Unnamed: 0,gp,min,pts,fg,3p,ft,reb,ast,stl,blk,tov,target_5yrs,total_points,efficiency
0,36,27.4,7.4,34.7,25.0,69.9,4.1,1.9,0.4,0.4,1.3,0,266.4,0.270073
1,35,26.9,7.2,29.6,23.5,76.5,2.4,3.7,1.1,0.5,1.6,0,252.0,0.267658
2,74,15.3,5.2,42.2,24.4,67.0,2.2,1.0,0.5,0.3,1.0,0,384.8,0.339869
3,58,11.6,5.7,42.6,22.6,68.9,1.9,0.8,0.6,0.1,1.0,1,330.6,0.491379
4,48,11.5,4.5,52.4,0.0,67.4,2.5,0.3,0.3,0.4,0.8,1,216.0,0.391304


## Clean the extracted data

In [7]:

# Naive Bayes involves an assumption that features are independent of each other given the class
# Remove any columns from `extracted_data` that are no longer needed to meet

# Remove `gp`, `pts`, and `min` from `extracted_data`.
extracted_data = extracted_data.drop(columns = ["gp", "pts", "min"])

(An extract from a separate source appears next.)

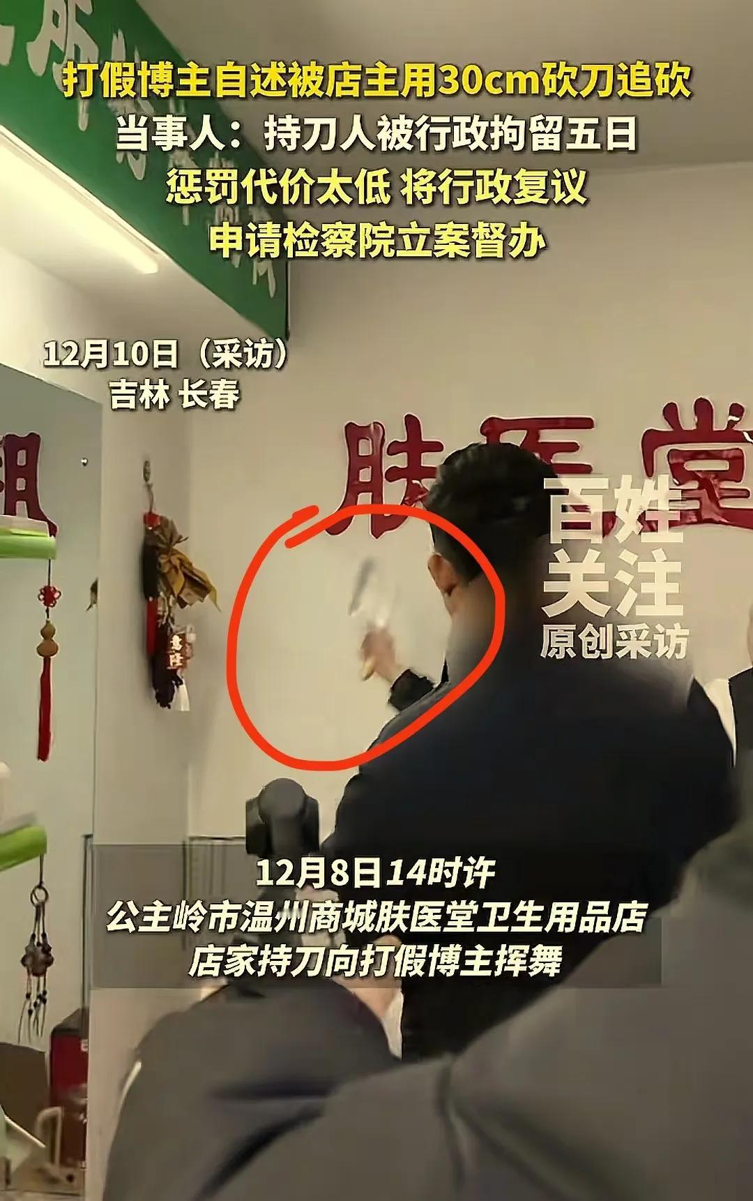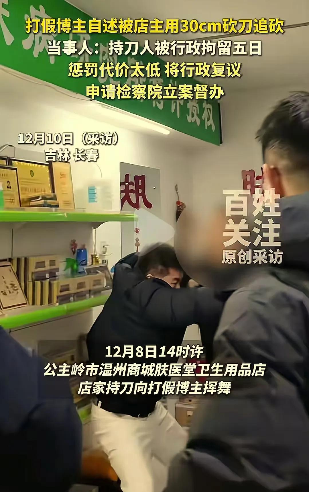 长春icon打假惊魂!打假博主去卫生用品店进行打假,被店主用30cm砍刀追砍!警方:行政拘留5日;博主:“拿到砍我就是要我性命,这处罚太轻了,将申请行政复议icon!”网友:拿刀砍人,什么时候惩罚这么轻了?

# Display the first few rows of `extracted_data` to ensure that column drops took place.

extracted_data.head()


Unnamed: 0,fg,3p,ft,reb,ast,stl,blk,tov,target_5yrs,total_points,efficiency
0,34.7,25.0,69.9,4.1,1.9,0.4,0.4,1.3,0,266.4,0.270073
1,29.6,23.5,76.5,2.4,3.7,1.1,0.5,1.6,0,252.0,0.267658
2,42.2,24.4,67.0,2.2,1.0,0.5,0.3,1.0,0,384.8,0.339869
3,42.6,22.6,68.9,1.9,0.8,0.6,0.1,1.0,1,330.6,0.491379
4,52.4,0.0,67.4,2.5,0.3,0.3,0.4,0.8,1,216.0,0.391304


In [8]:

# Export the extracted data to a csv file for the Naive Bayes model.

extracted_data.to_csv("extracted_nba_players_data.csv", index = 0)



## **Results Summary**



The following attributes about player performance could help predict their NBA career duration: field goals, three-point field goals, free throws, rebounds, assists, steals, blocks, turnovers, total points, and efficiency as points per minute.

The next step is to build a model to predict a player's career duration.